Схватив его, я пошел к вертолету. Обгоняя меня, туда же побежали с тюками и приборами мои спутники в желтых касках. Один из них уже стоял в дверном проеме вертолета и принимал вещи. Перегрузка завершилась в несколько минут, и едва мы уселись на вещи в грузовом отсеке, как раздалось завывание унформеров и кто-то захлопнул дверь. Тут, под рев двигателя, меня спросили:

— А вы кто такой?

— Корреспондент, — коротко ответил я.

— Немедленно вылезайте! — перекрикивал рев шишковатый нос.

Но было уже поздно. Машина дрогнула и поднялась в воздух.

— Когда прилетим, не смейте выходить! Полетите обратно. На вас нет каски.

— Ничего, у меня голова крепкая! — крикнул я в ответ, а шишковатый нос показал мне кулак.

Однако вскоре он смилостивился.

— Спрашивайте, — сказал он, когда уши привыкли к шуму. — А то поздно будет…
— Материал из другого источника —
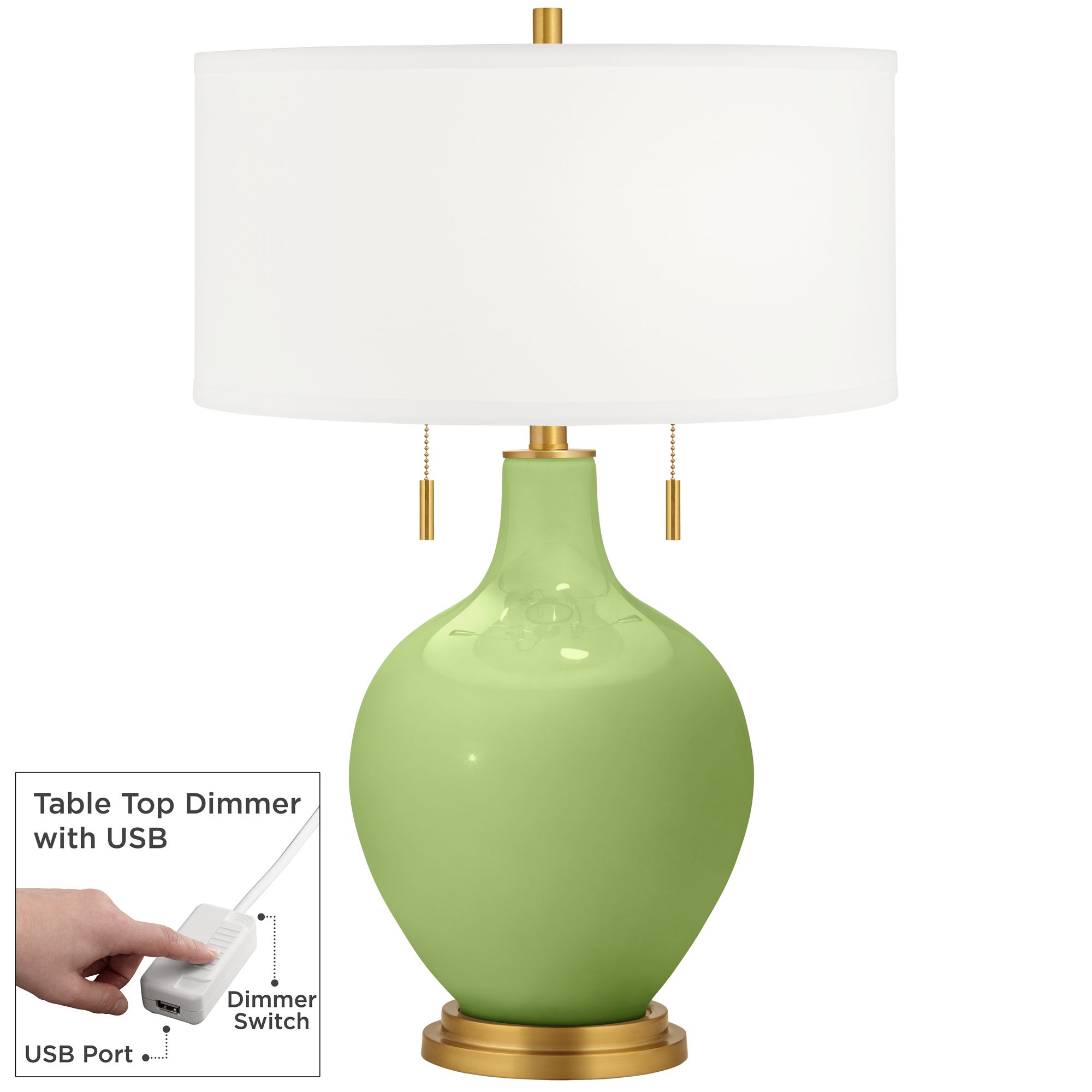 Color Plus Toby Brass 28" Lime Rickey Green Table Lamp with USB Dimmer

— Почему Авачинский так долго молчал? — спросил я, выказывая осведомленность. — В чем причина нарушения периодичности?

— Не знаю. Думали, в пятьдесят девятом активизируется. Породы в кратере нагрелись до восьмисот градусов.

— А как теперь угадали?

— У нас там станция на высоте километра. Сейсмоприборы на склоне, репера. Мы пробуждение Шивелуча за полгода угадали. Вот этот человек за три дня само извержение предсказал. — Шишковатый нос ткнул пальцем в одного из своих коллег. — Не поверили. Сказали, молод еще. Но он оказался прав. Будете писать, укажите, а то средств мало выделяют…
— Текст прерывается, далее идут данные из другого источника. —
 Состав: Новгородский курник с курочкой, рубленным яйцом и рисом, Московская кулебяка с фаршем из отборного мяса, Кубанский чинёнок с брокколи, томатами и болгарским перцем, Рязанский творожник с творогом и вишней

— Для города есть опасность?

— Нет. Далеко Авачинский… Разве что пепел нагонит ветром. Но паники не будет. Предупредили, говорю! — кричал он, надсаживаясь из-за гула и дребезга.

— А лава?

— Больше чем на десять километров не утечет. Технику подготовили, бульдозеры. В случае чего насыплют защитный вал. Напишите, что извержения воздействуют на изменения климата. На Шивелуче два с половиной кубических километра породы выбросило, подняло на десять километров…

— А сейчас сколько?

— Пока не знаем. Электрические разряды, молнии бьют в кратер. Есть предположение, что от этого жизнь зародилась на Земле. Образуются аминокислоты. Все про это спрашивают. Сенсация!

Крик его звучал насмешливо.

Вертолет накренился, поворачивая, и я прильнул к иллюминатору. Теперь был виден малый «новый» конус Авачинского вулка, на с гигантским столбом черного дыма над ним. Черноту пронизывали красные и желтые стрелы, с невероятной скоростью стремящиеся вверх. Где-то на громадной высоте они замедляли полет и рассыпались на мириады светящихся точек, которые, угасая, тоже прочерчивали черноту.

Краем уха слушал вулканологов, речь которых пестрила птичьими словами: «андезит», «дацит», «риолит», «пелейский», «катмайский», «страмболианский»…

— Как вас зовут? — спросил я человека с шишковатым носом, но он только махнул рукой. Вертолет пошел на посадку.

Вулканологи высыпали из машины. Шишковатый нос крикнул мне:

— Подавайте!

Я стал добросовестно подтаскивать к выходу груз и, передав из рук в руки последнюю вещь, собрался выскочить сам.

— Куда! — заорал шишковатый нос. — Вы без каски!

Но я уже был на земле, а вернее, на каких-то хрустящих под ногами комках, и бежал прочь от вертолета. Рядом со мной что-то ухнуло на землю, обдав теплым ветром. В воздухе стоял дикий рев, вой, грохот, и я уже не слышал, что мне кричат, стараясь увеличить расстояние между собой и сердитыми вулканологами.

Вдруг ноги мои оказались в пустоте, а «третья точка» коснулась почвы и, увлекая за собой множество мелких камешков, я скользнул на спине вниз по склону…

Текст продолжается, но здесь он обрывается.